Having trouble with the key layout tutorial on your site...

https://www.mdfbrew.org/tutorials:keys_layout

Creating a new KL file (Vendor_0001_Product_0001.kl_) _with new button assignments and saving it in the folder suggested (/system/usr/keylayout) doesn't work; the buttons are still recognized as the system defaults. Rewind still works as rewind and not ENTER as I wanted, in either the Sega Generations interface or the default GUI. If you have any suggestions please let me know; otherwise I may make a backup copy of gpio-ctrl-keypad.kl on my computer and reassign its keys.


----------



## WD_GASTER2 (Jun 18, 2018)

honestly the current dash is now heavily outdated. lots of stuff was accomplished just not heavily discussed (atleast on my end). i have not been as much gone as i have been busy. i also lost access to my old account by forgetting the password and getting locked out of the email i used to register it. . So if anybody messaged me last couple of months and got no response... that would be the reason why.


----------



## ALEXONE (Jun 20, 2018)

Hi) Any release date for the newer dash sega generations? If you need help beta test or design, i can help)


----------



## ArugulaZ (Jun 21, 2018)

Just a bit of advice... once you install Sega Generations on your Flashback, you might want to install the Total Commander app, then go into the command line and enter this:

adb shell settings put global install_non_market_apps 1

There's no way to accept apps from unknown sources on the system itself; the settings are either hidden or entirely absent. I got rather tired of taking apart my Flashback every time I wanted to install apps, because I couldn't connect it to my PC with the standard sized USB port I added. Only a mini USB to USB cable seems to do the job. Now that my Flashback accepts unknown sources and has a file manager, I can install apps straight from the system with a flash drive... it's much more convenient.


----------



## WD_GASTER2 (Jun 21, 2018)

yep this has been known.The new dash requires the usb mod by the way. I also suggested commander many many months ago in the other thread early on.


----------



## fixingmytoys (Jun 21, 2018)

WD_GASTER2 said:


> yep this has been known.The new dash requires the usb mod by the way. I also suggested commander many many months ago in the other thread early on.

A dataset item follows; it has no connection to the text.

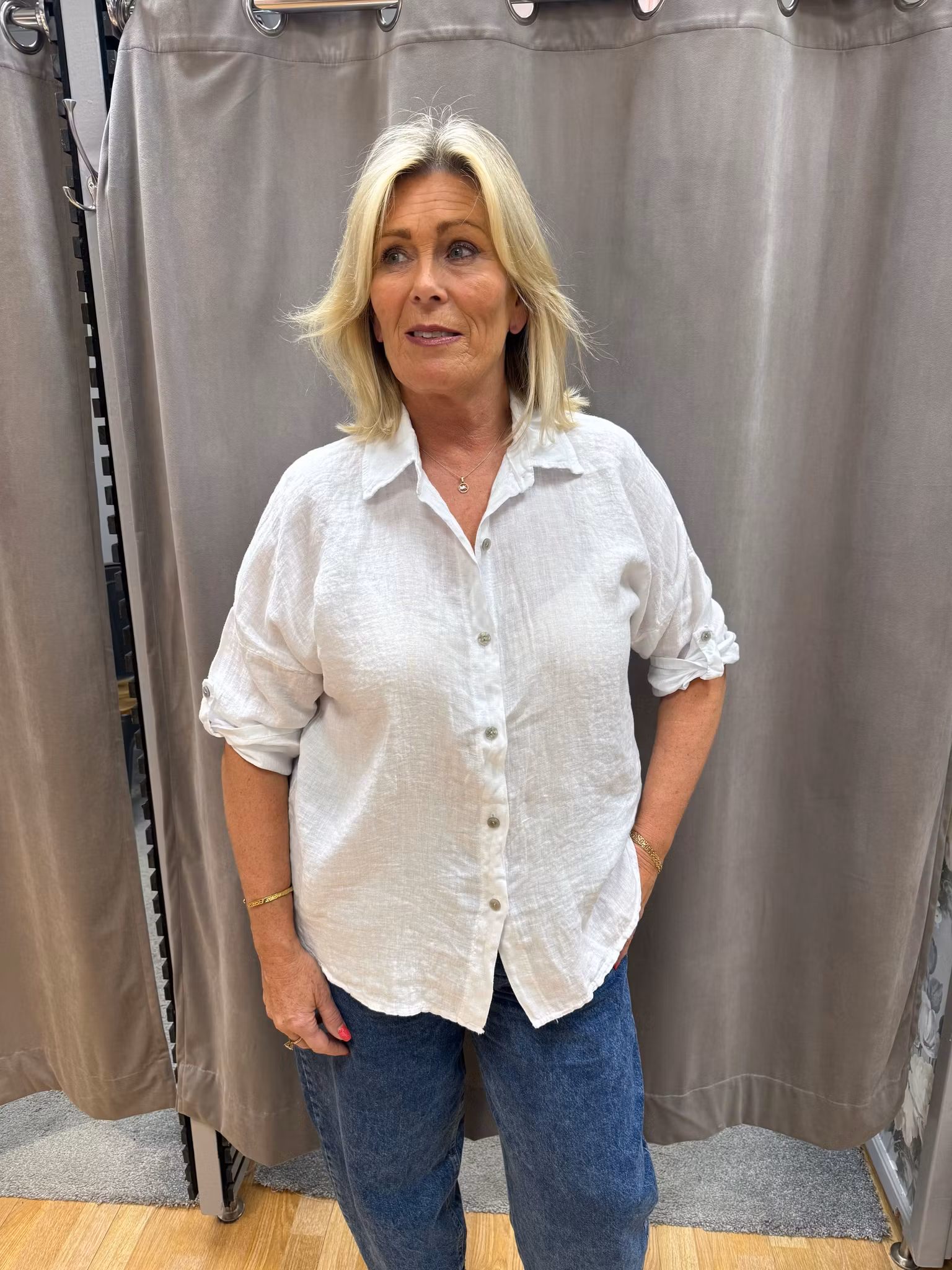 Felicia linne skjorta vit 729 kr I lager. Lägg i korgen Lagersaldo: 4 Artikelnummer: jörlevik1470 Leverantör: Jörlevik Produktbeskrivning Underbar Skön rymlig linneskjorta trekvartsärm som är längre baktill.One size passar upp till storlek 42-44100% Linne

yep done all that I was THX1138 on here spoken with you before on here as well in PM when you could get into your old account


----------



## petterk (Aug 1, 2018)

Any updates on this? Retro Shield? Sega Generations? MD.EMU replacement?


----------



## WD_GASTER2 (Aug 1, 2018)

see this thread:

https://gbatemp.net/threads/sega-me...-with-an-usb-on-internal-mother-board.491498/


----------



## CYB3R (Apr 21, 2019)

links is down


----------



## WD_GASTER2 (Apr 21, 2019)

https://gbatemp.net/threads/generat...-the-flashback-hd-new-version-release.513559/

click link above for the latest version


----------